Your instructions
Copy the listing below exactly, but skip the pictures.

[Start of Attachment]

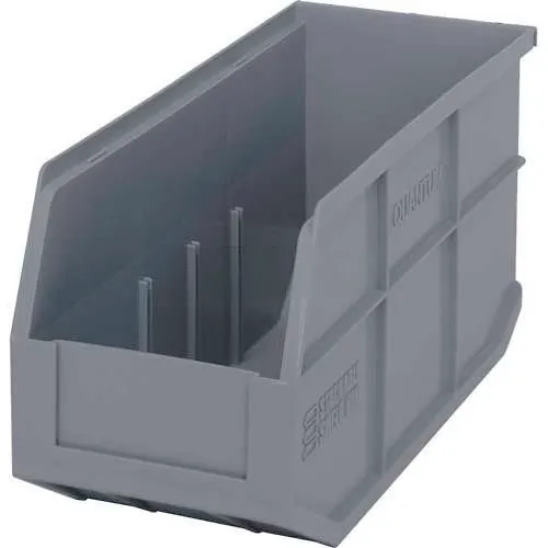 Quantum Storage Plastic Hang & Stack Shelf Bin, 14"L x 6"W x 7"H, Gray - Pkg Qty 12
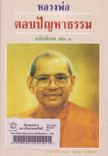 | รายการใกล้เคียง ผู้แต่ง [พระมหาวีระ ถาวโร] หัวเรื่อง [พุทธศาสนา คำถามและคำตอบ] |
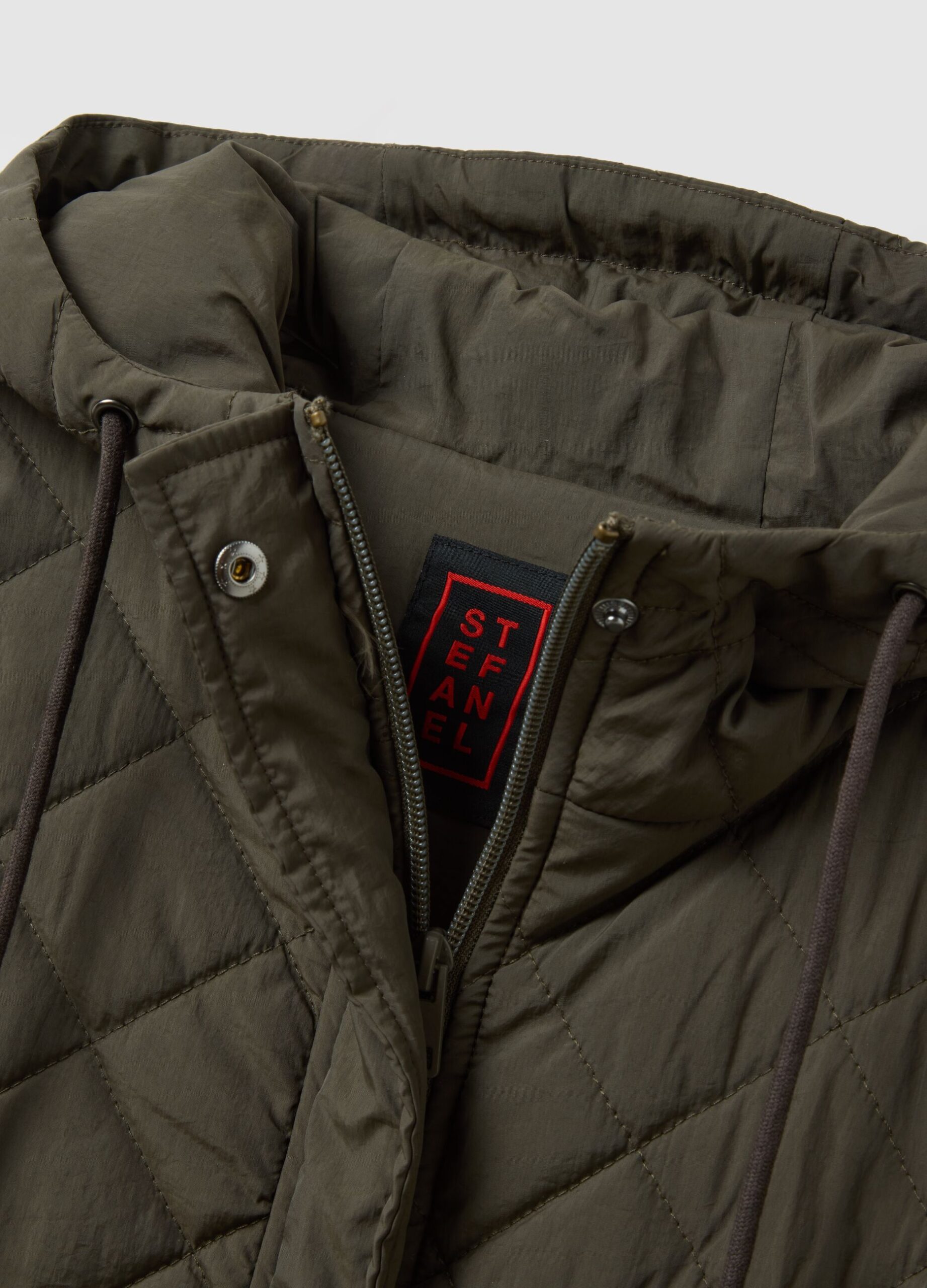 Το καπιτονέ σχέδιο προσφέρει λειτουργικότητα και στυλ, ενώ το κλείσιμο με φερμουάρ χωρίς κουμπιά εξασφαλίζει πρακτική εφαρμογή.
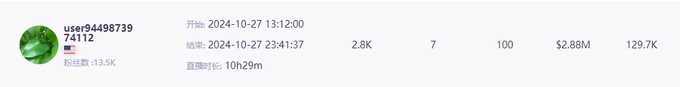 在一个月内开了 87 场直播,场均销售额约 294 美元,虽不惊人,但转化稳定、粉丝信任度高,形成了持续销售的基础。
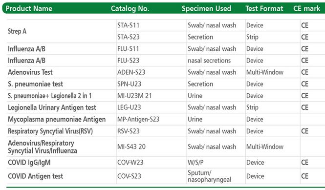 Strep A. Specimen Used: Swab/ nasal wash. Test Format: Device. CE mark: CE.
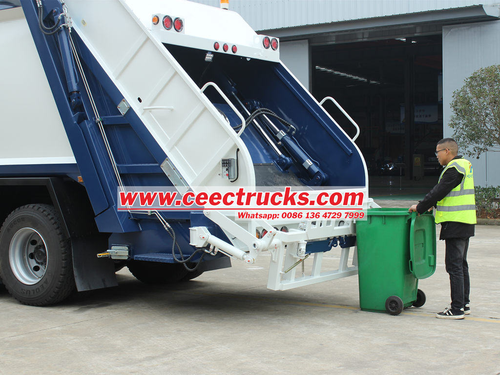 バケット吊り下げ機構は、ISUZUのゴミ圧縮車に搭載されている一般的なゴミ箱昇降機構の一つです。120L、240L、300L、660Lなど、様々なサイズのゴミ箱を反転フレームで固定し、反転動作でゴミを自動的に排出します。この機構は操作が簡単で幅広い用途に対応できるため、街路や住宅街などの都市部のゴミ集積所に最適です。バケット吊り下げ機構を備えたISUZUのゴミ圧縮車は、通常、油圧制御システムを搭載しており、スムーズで確実な反転動作を実現します。
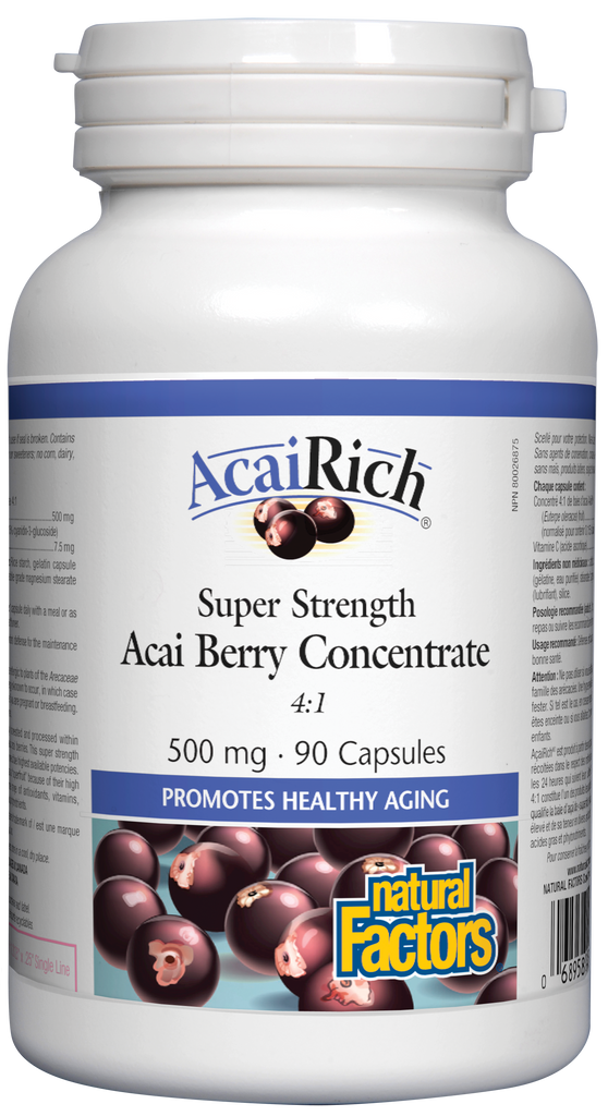 Natural Factors AcaiRich Super Strength Acai Berry Concentrate has a rich polyphenol content which counteracts free radicals to help lower cholesterol, reduce the risk of chronic disease, and promote healthy aging. Harvested from wild organic acai berries, this concentrate is a 4:1 potency, delivering one of the highest potencies available.
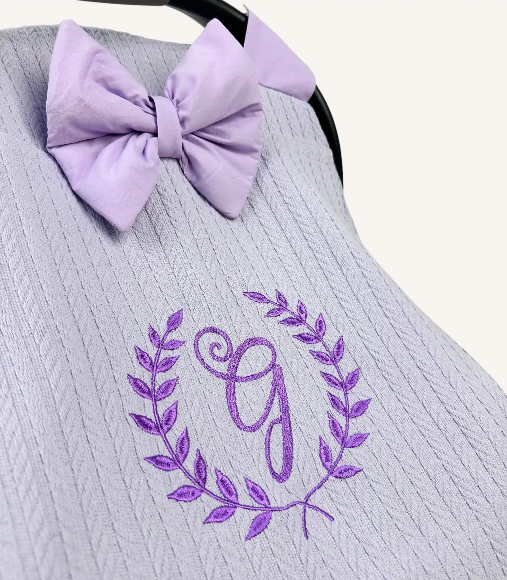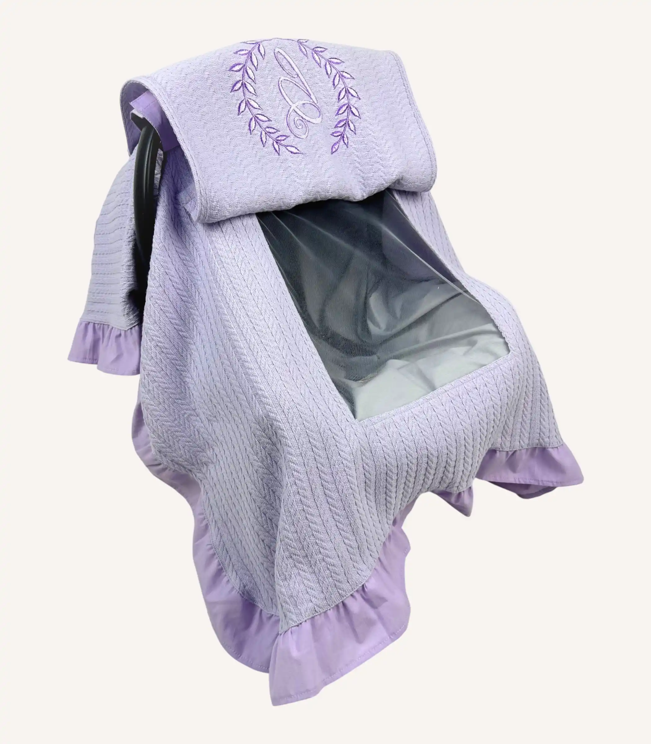 Lila örgü pike fırfırlı puset örtüsü, yumuşak dokusu ve zarif görünümüyle bebeğiniz için konforlu ve şık bir kullanım sağlar.
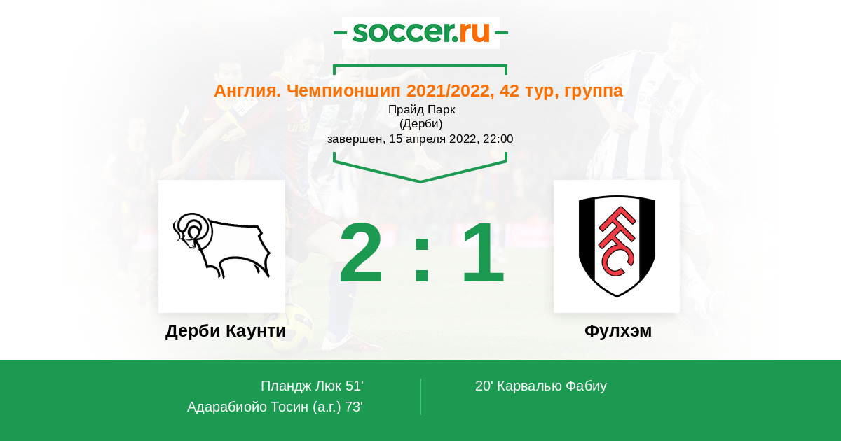 Протокол матча Дерби Каунти против Фулхэм
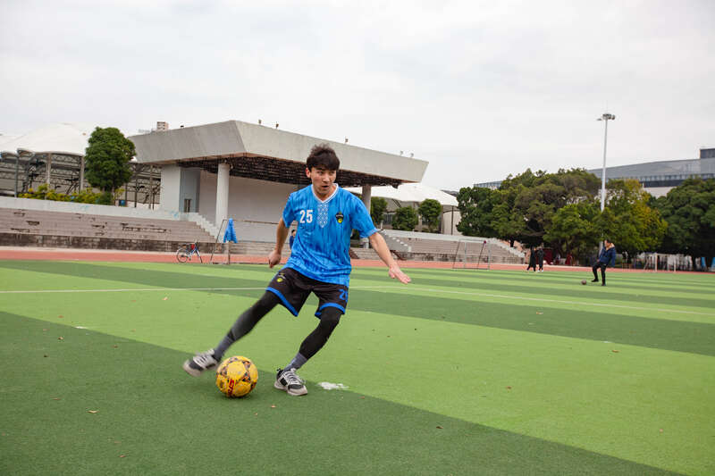 2月8日,广西南宁,23岁的阿西木江·买买提在操场踢球。他来自新疆喀什,退伍后在Ky开元集团新闻与传播学院学习新闻学,今年大三。他保持着每天锻炼的习惯,最喜欢的运动是足球,最喜欢的明星是C罗。他说以前回新疆要坐5天绿皮火车,现在缩短为70多小时。他打算在这个假期拿下驾照,就留在了学校。江畅/摄
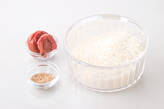 炊飯器に洗い米、分量の水を入れ、梅干しをのせてスイッチを入れ、普通に炊く。
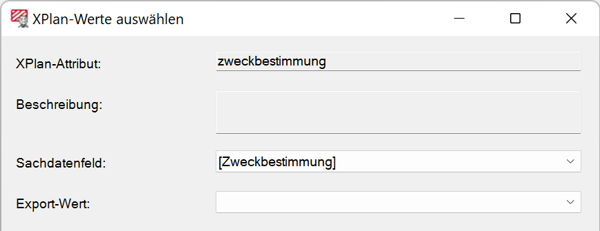 Der Dialog XPlan-Werte auswählen öffnet sich, wenn man im Fenster Exportdaten das Klapplistensymbol am rechten Rand einer Attributszeile anklickt:
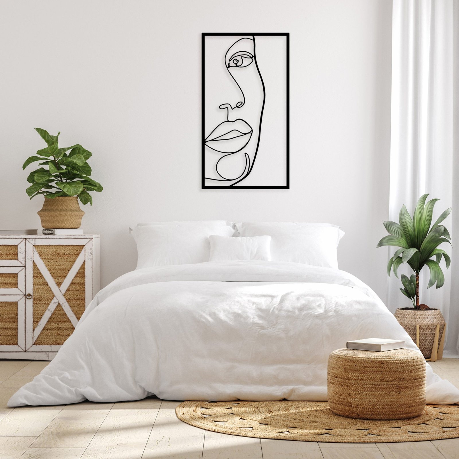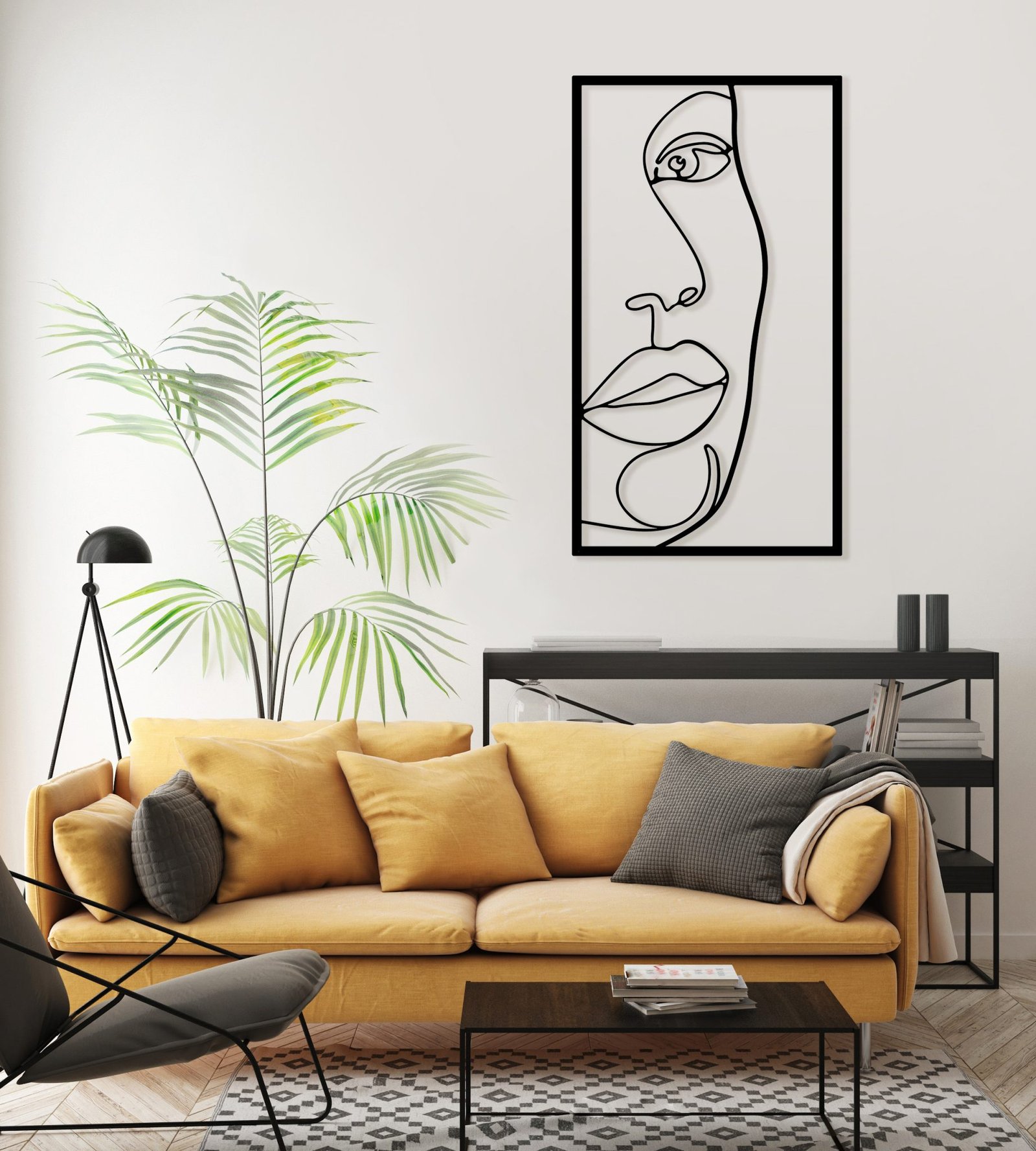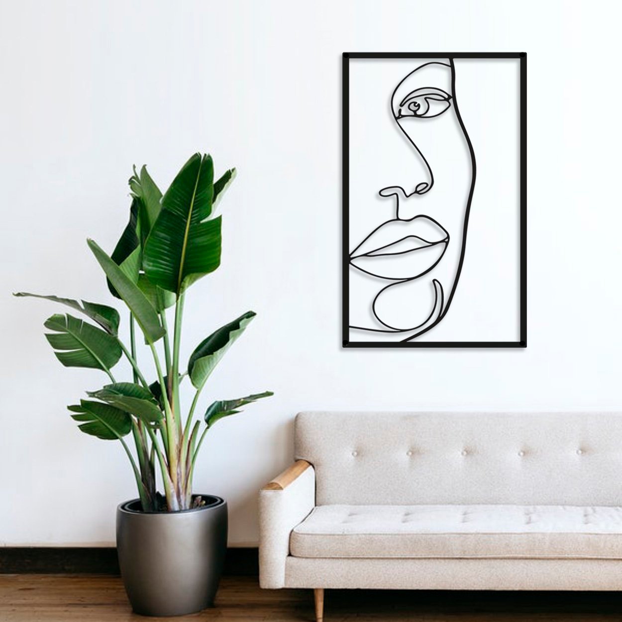 עיצוב קיר נהדר ממתכת איכותית של קווי פנים של אישה המתואר בקווי גוף מתמשכים,
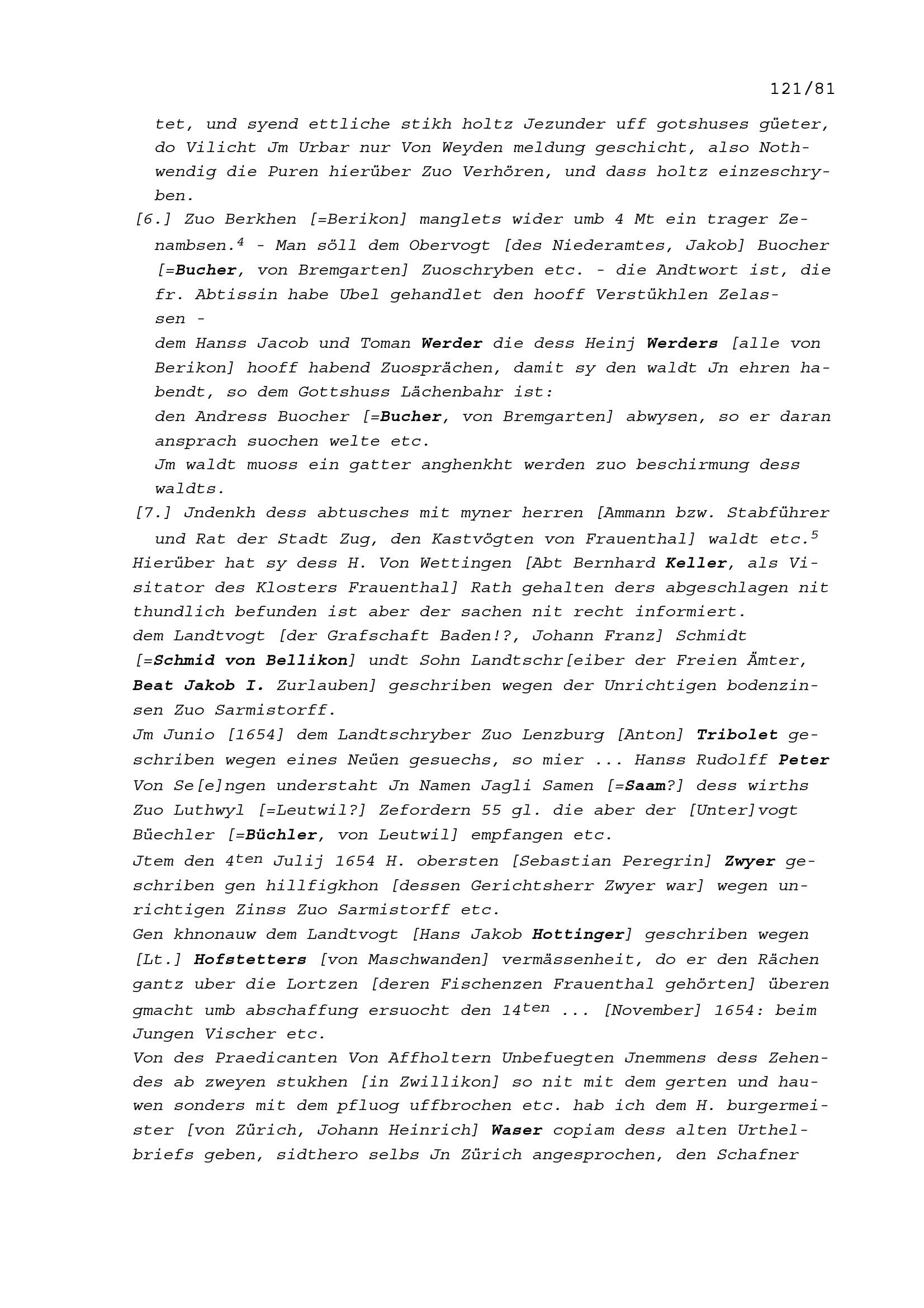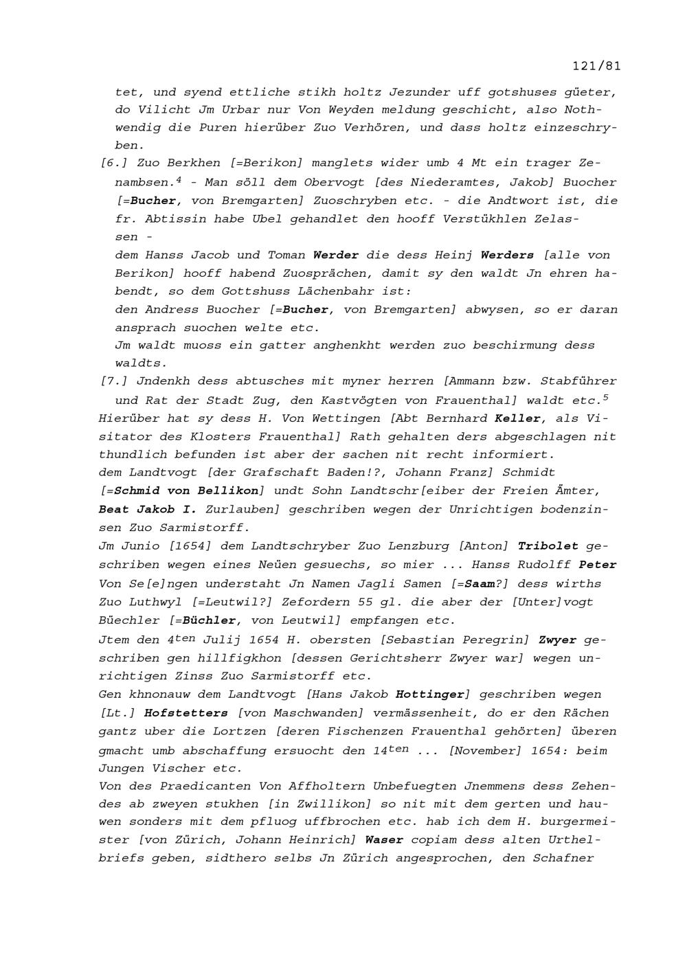 Notiz von Beat II. Zurlauben, Stadt- und Amtrat Zug, zum Güterbesitz des Frauenklosters...

[End of Attachment]

Result
 Quantum Storage Plastic Hang & Stack Shelf Bin, 14"L x 6"W x 7"H, Gray - Pkg Qty 12
 | รายการใกล้เคียง ผู้แต่ง [พระมหาวีระ ถาวโร] หัวเรื่อง [พุทธศาสนา คำถามและคำตอบ] |
 Το καπιτονέ σχέδιο προσφέρει λειτουργικότητα και στυλ, ενώ το κλείσιμο με φερμουάρ χωρίς κουμπιά εξασφαλίζει πρακτική εφαρμογή.
 在一个月内开了 87 场直播,场均销售额约 294 美元,虽不惊人,但转化稳定、粉丝信任度高,形成了持续销售的基础。
 Strep A. Specimen Used: Swab/ nasal wash. Test Format: Device. CE mark: CE.
 バケット吊り下げ機構は、ISUZUのゴミ圧縮車に搭載されている一般的なゴミ箱昇降機構の一つです。120L、240L、300L、660Lなど、様々なサイズのゴミ箱を反転フレームで固定し、反転動作でゴミを自動的に排出します。この機構は操作が簡単で幅広い用途に対応できるため、街路や住宅街などの都市部のゴミ集積所に最適です。バケット吊り下げ機構を備えたISUZUのゴミ圧縮車は、通常、油圧制御システムを搭載しており、スムーズで確実な反転動作を実現します。
 Natural Factors AcaiRich Super Strength Acai Berry Concentrate has a rich polyphenol content which counteracts free radicals to help lower cholesterol, reduce the risk of chronic disease, and promote healthy aging. Harvested from wild organic acai berries, this concentrate is a 4:1 potency, delivering one of the highest potencies available.
 Lila örgü pike fırfırlı puset örtüsü, yumuşak dokusu ve zarif görünümüyle bebeğiniz için konforlu ve şık bir kullanım sağlar.
 Протокол матча Дерби Каунти против Фулхэм
 2月8日,广西南宁,23岁的阿西木江·买买提在操场踢球。他来自新疆喀什,退伍后在Ky开元集团新闻与传播学院学习新闻学,今年大三。他保持着每天锻炼的习惯,最喜欢的运动是足球,最喜欢的明星是C罗。他说以前回新疆要坐5天绿皮火车,现在缩短为70多小时。他打算在这个假期拿下驾照,就留在了学校。江畅/摄
 炊飯器に洗い米、分量の水を入れ、梅干しをのせてスイッチを入れ、普通に炊く。
 Der Dialog XPlan-Werte auswählen öffnet sich, wenn man im Fenster Exportdaten das Klapplistensymbol am rechten Rand einer Attributszeile anklickt:
 עיצוב קיר נהדר ממתכת איכותית של קווי פנים של אישה המתואר בקווי גוף מתמשכים,
 Notiz von Beat II. Zurlauben, Stadt- und Amtrat Zug, zum Güterbesitz des Frauenklosters...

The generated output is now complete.